- _EXERCISE INSTRUCTIONS_
Beginning at the line containing "Con un perfil", repeat each line below exactly up to and including the line containing "特邀专家采用理论与实践相结合". Do not repeat the pictures.

- _DATA FOR THIS TASK_
━━━━━━━━━━━━━━━━
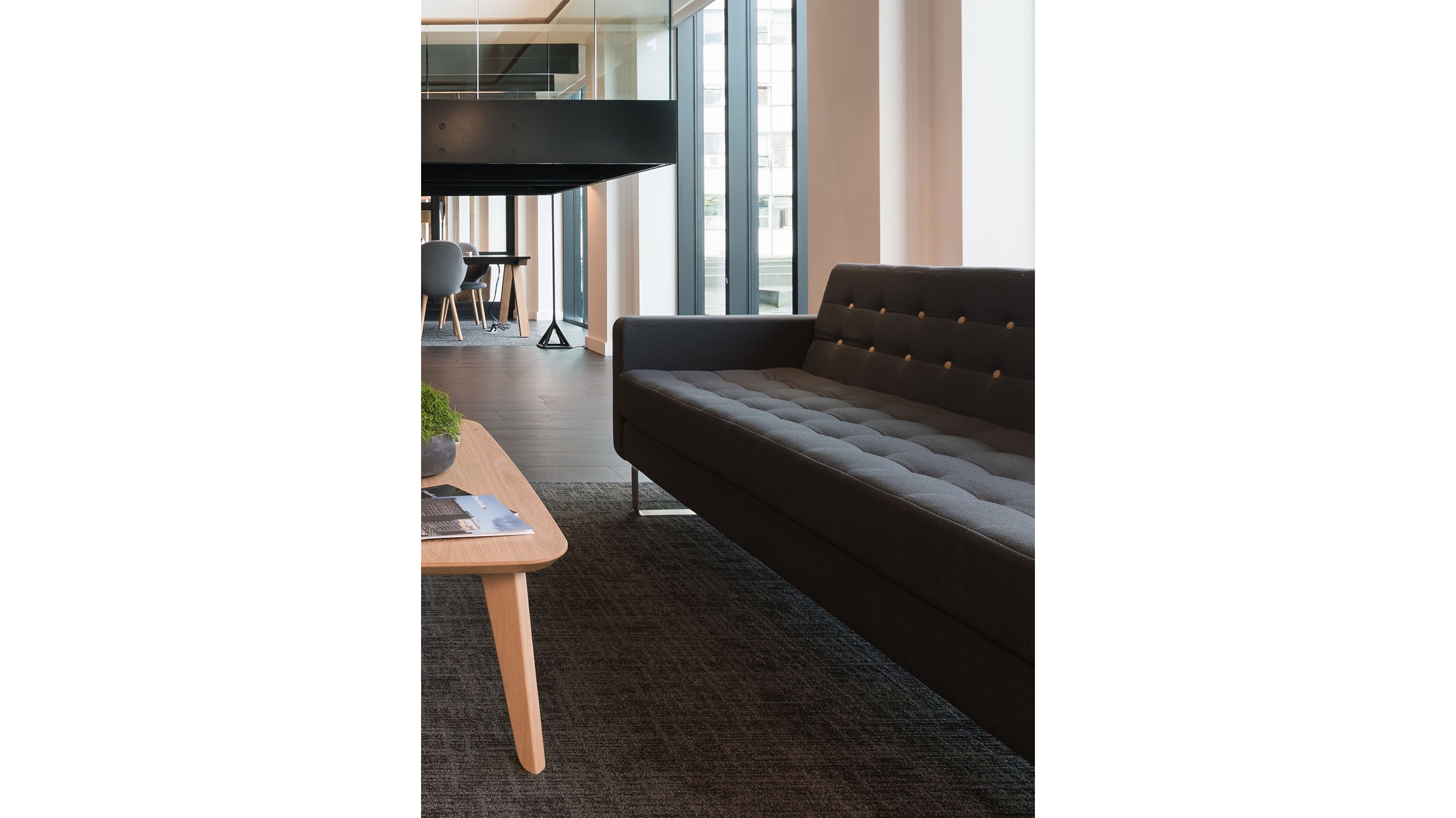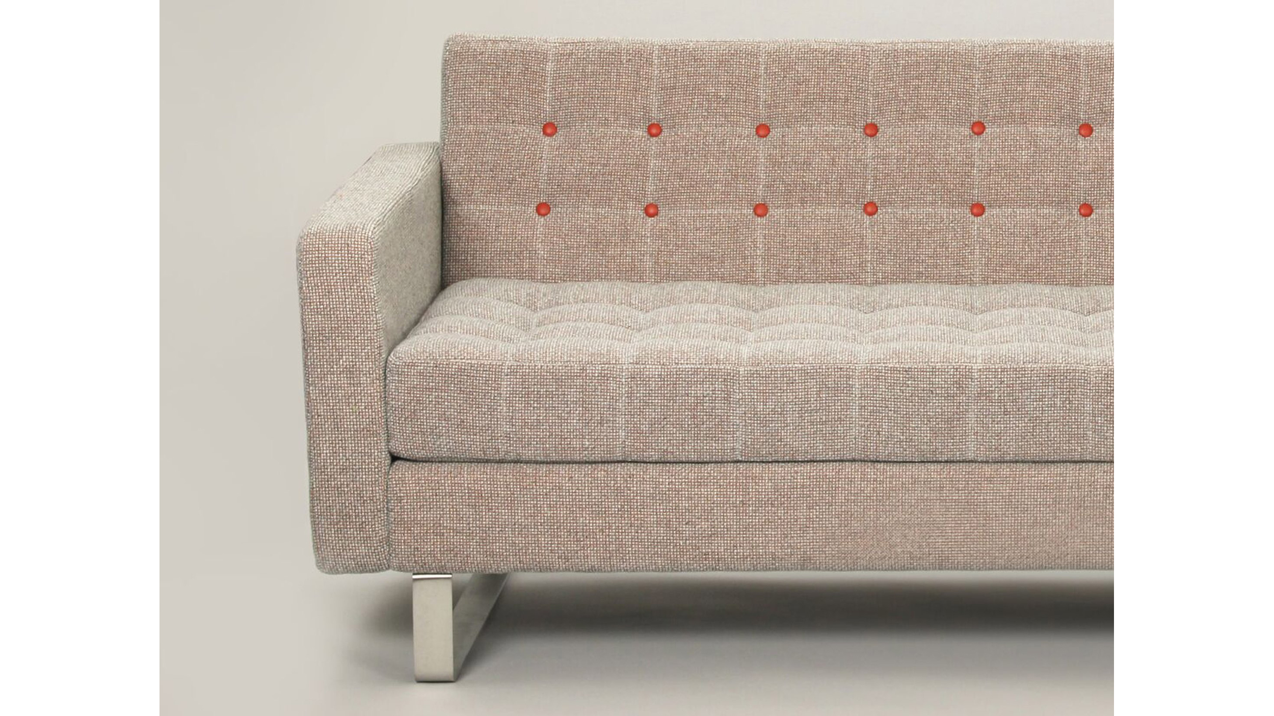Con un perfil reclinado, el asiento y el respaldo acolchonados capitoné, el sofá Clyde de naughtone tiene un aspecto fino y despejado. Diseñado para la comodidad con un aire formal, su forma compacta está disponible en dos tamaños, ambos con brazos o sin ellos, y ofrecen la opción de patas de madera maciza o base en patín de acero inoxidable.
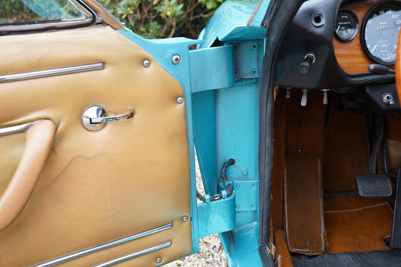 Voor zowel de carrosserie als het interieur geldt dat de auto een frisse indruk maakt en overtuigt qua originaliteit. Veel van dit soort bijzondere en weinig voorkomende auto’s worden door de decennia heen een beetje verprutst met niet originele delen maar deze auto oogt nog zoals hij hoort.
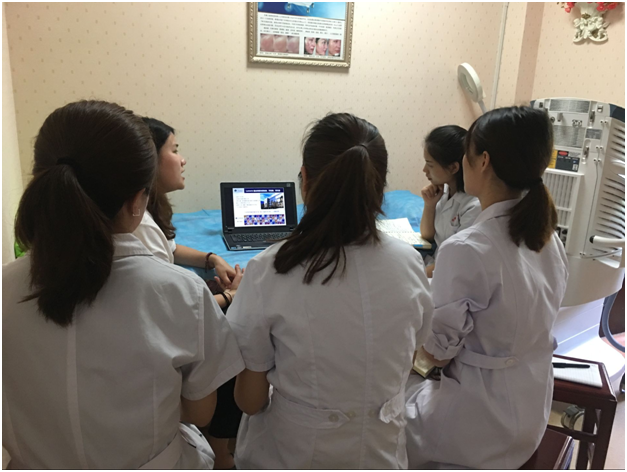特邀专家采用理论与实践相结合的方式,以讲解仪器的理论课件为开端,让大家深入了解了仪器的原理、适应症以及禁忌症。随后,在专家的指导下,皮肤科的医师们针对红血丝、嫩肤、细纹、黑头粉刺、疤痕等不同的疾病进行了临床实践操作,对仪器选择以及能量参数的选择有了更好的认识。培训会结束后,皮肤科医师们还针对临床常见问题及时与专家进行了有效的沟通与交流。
━━━━━━━━━━━━━━━━
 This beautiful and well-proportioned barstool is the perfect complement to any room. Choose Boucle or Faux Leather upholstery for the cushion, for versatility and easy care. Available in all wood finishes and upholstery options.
━━━━━━━━━━━━━━━━
- _WRITTEN SOLUTION_
Con un perfil reclinado, el asiento y el respaldo acolchonados capitoné, el sofá Clyde de naughtone tiene un aspecto fino y despejado. Diseñado para la comodidad con un aire formal, su forma compacta está disponible en dos tamaños, ambos con brazos o sin ellos, y ofrecen la opción de patas de madera maciza o base en patín de acero inoxidable.
 Voor zowel de carrosserie als het interieur geldt dat de auto een frisse indruk maakt en overtuigt qua originaliteit. Veel van dit soort bijzondere en weinig voorkomende auto’s worden door de decennia heen een beetje verprutst met niet originele delen maar deze auto oogt nog zoals hij hoort.
特邀专家采用理论与实践相结合的方式,以讲解仪器的理论课件为开端,让大家深入了解了仪器的原理、适应症以及禁忌症。随后,在专家的指导下,皮肤科的医师们针对红血丝、嫩肤、细纹、黑头粉刺、疤痕等不同的疾病进行了临床实践操作,对仪器选择以及能量参数的选择有了更好的认识。培训会结束后,皮肤科医师们还针对临床常见问题及时与专家进行了有效的沟通与交流。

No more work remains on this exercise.